Los cerdos suicidas

Es una de las páginas aparentemente más pintorescas del Evangelio. Jesús, que está en la otra orilla del mar de Galilea, se encuentra con un hombre poseído por un espíritu impuro que le empuja a vivir entre las tumbas y a herirse él mismo a pedradas sin que nadie sea capaz de dominarle. Jesús, que no muestra ninguna sorpresa, se dirige a expulsar al espíritu impuro que atormenta al desgraciado. Hasta aquí, nada más trivial en la vida de Jesús, ocupado siempre en expulsar a los demonios que vienen a contaminar la vida de los hombres. Pero se entabla una discusión con el espíritu, que ya se sabe vencido: nos enteramos de que se llama Legión porque, en vez de un solo demonio, es toda una tropa la que ha puesto sus cuarteles en la vida del poseso. Los espíritus impuros piden después a Jesús un extraño favor. Viendo una piara de cerdos que pacen allí cerca, en la montaña, le suplican: “Envíanos a los cerdos para que entremos en ellos”.

La petición puede sorprendernos, pero lo más sorprendente es que Jesús se lo permita. Y entonces salen del desgraciado al que atormentaban para tomar posesión de los pobres animales que no habían pedido nada y que, de inmediato, como presa de una locura colectiva, corren a abalanzarse al mar, desde lo alto del acantilado donde pacían apaciblemente, y así es como se ahogaron dos mil cerdos. Esto produce estupor en la ciudad vecina, y sus autoridades piden a Jesús que se aleje: está muy bien que expulse a los demonios, pero si es al precio de la masacre del ganado, haría mejor en ir a ejercer sus talentos a otra parte, en algún lugar en el que no les guste el jamón.

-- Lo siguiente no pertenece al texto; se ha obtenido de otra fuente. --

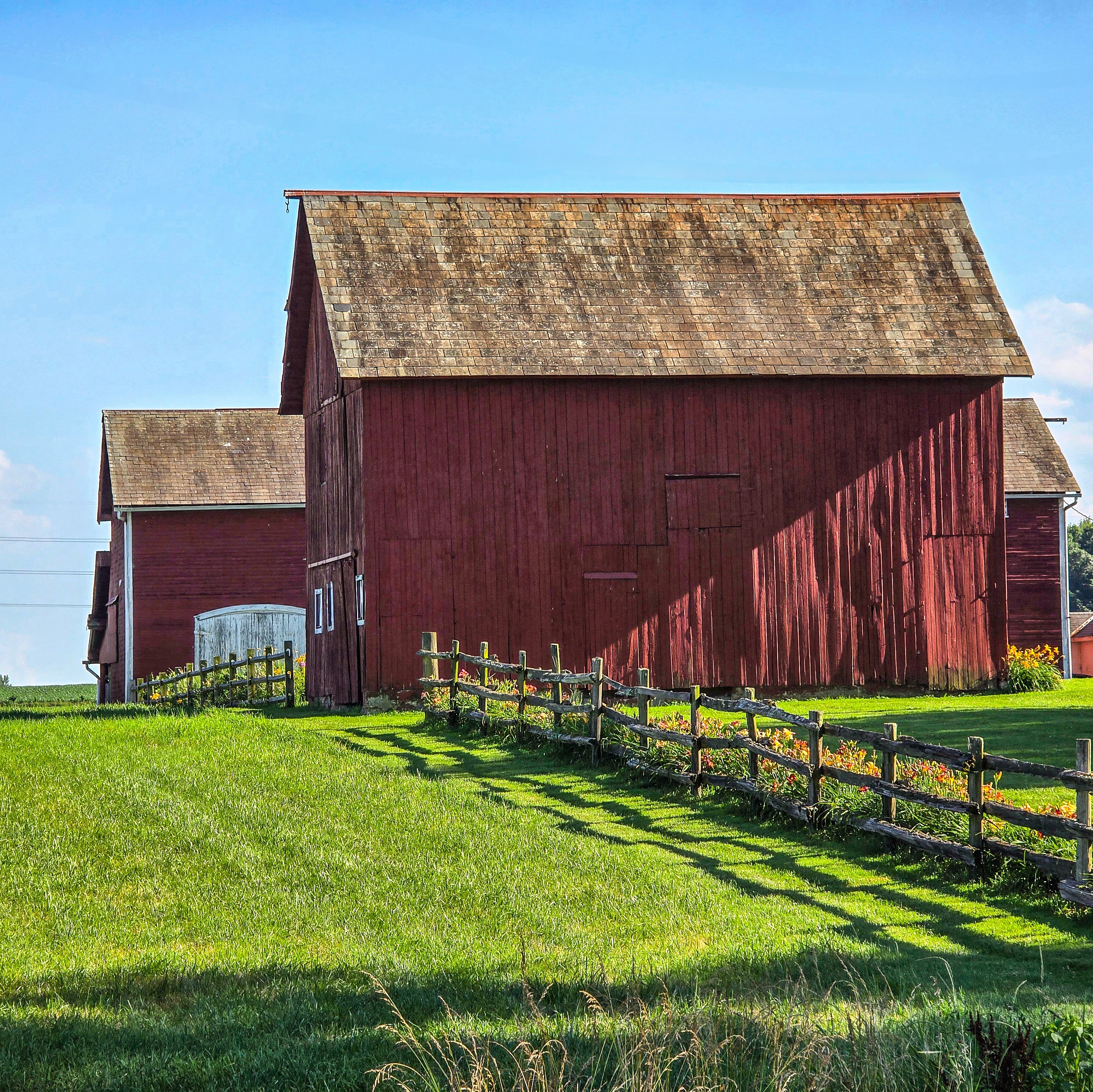 Standing quietly beneath summer’s gaze, her weathered boards proudly proclaim a storied past, as she basks in the afternoon’s warmth. A guardian over nature’s blooms, now clustered along her fence line, drawn to her aged charm—a gentle pull that keeps old secrets and the sun’s soft touch…

Se puede comprender a estos aldeanos atemorizados ante esta manifestación perturbadora de lo sagrado, pero se comprende menos la razón de que Jesús, aparentemente, se plegara a la voluntad de estos espíritus impuros, pues por lo general Jesús manda a los demonios, pero no negocia con ellos ni transige nunca con el mal. Estamos acostumbrados a ver que los demonios obedecen a Jesús, algo que impresionaba a sus contemporáneos; pero aquí es Jesús quien acepta lo que piden los demonios –y además para provocar una catástrofe…-. Cuesta imaginar que Jesús se hubiera dejado enternecer por las súplicas desgarradoras de los demonios, ni que hubiera querido complacerles. Entonces, ¿por qué cedió? La acción de Jesús persigue siempre dos objetivos: salvar y revelar. Al liberar al poseso, salva; al acceder a la petición de los demonios, revela. Pero mientras que, por lo general, es a Dios, su misericordia, su proximidad, lo que Jesús revela, esta vez lo que nos revela es la naturaleza del mal.

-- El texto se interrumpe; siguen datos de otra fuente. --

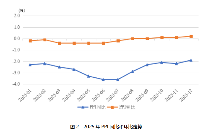 二是PPI呈“V”型走勢,同比繼續(xù)下降。PPI同比下降2.6%,降幅比上年略擴(kuò)大0.4個百分點。生產(chǎn)資料和生活資料價格同步走低,且降幅較上年同期均有所擴(kuò)大。其中,生產(chǎn)資料價格同比下降 3%,降幅較上年擴(kuò)大 0.5 個百分點。從結(jié)構(gòu)上看,生產(chǎn)資料價格變動呈現(xiàn) “上游降幅更深、下游相對較小” 的梯度特征。上游采掘業(yè)價格整體下降9.0%,成為生產(chǎn)資料中降幅最大的品類;中游的原材料工業(yè)價格同比下降3.4%;主要受終端需求不足、產(chǎn)品同質(zhì)化競爭加劇等因素影響,下游的加工工業(yè)價格同比下降2.4%。生活資料中,食品價格下降1.6%,降幅比上年擴(kuò)大0.5個百分點;衣著價格下降0.1%,降幅與上年持平;一般日用品價格上漲0.8%,漲幅比上年擴(kuò)大0.8個百分點;耐用消費品價格下降3.3%,降幅比上年擴(kuò)大1.1個百分點。主要能源行業(yè)價格大幅下降是拖累2025年P(guān)PI走勢的核心因素。其中,煤炭開采和洗選業(yè)價格同比下降15.7%,降幅較上年大幅擴(kuò)大7.5個百分點。原因一是全球煤炭市場供過于求、國際煤炭價格持續(xù)走低,二是國內(nèi)煤炭行業(yè)產(chǎn)能優(yōu)化調(diào)整、清潔能源替代進(jìn)程加快,進(jìn)一步壓低了煤炭價格;石油和天然氣開采業(yè)價格同比下降 9.9%,降幅較上年擴(kuò)大9.5個百分點,主要受國際地緣政治局勢緩和、全球原油產(chǎn)量增加導(dǎo)致的國際油價下行影響,國內(nèi)成品油價格聯(lián)動調(diào)整,進(jìn)而傳導(dǎo)至上游開采環(huán)節(jié)。上述兩大能源行業(yè)的價格深度下行,不僅直接拉低了采掘工業(yè)價格,還通過產(chǎn)業(yè)鏈傳導(dǎo)影響了原材料工業(yè)、加工工業(yè)乃至部分生活資料的成本與價格,成為PPI降幅擴(kuò)大的重要因素。?

El fruto del pecado, desplegado en los cerdos, aparece en su encadenamiento implacable, que empuja a quien se abandona a él a dar el salto absurdo en el vacío. ¿Adónde conduce el pecado? A la muerte, a esa muerte, trágica y grotesca a la vez, de los cerdos. Dejando que vaya hasta el final de su lógica, Cristo nos hace ver adónde conduce el mal. En la vida del poseso, conducía ya a la marginalidad macabra y a la mutilación. Aplicado a esta pacífica piara de cerdos, revela su objetivo último: el suicidio en masa. Bajo unas apariencias insólitas, incluso folclóricas, este episodio porcino desenmascara el verdadero rostro del mal.




Autor: Adrien CANDIARD
Título: Unas palabras antes del Apocalipsis. Leer el Evangelio en tiempos de crisis.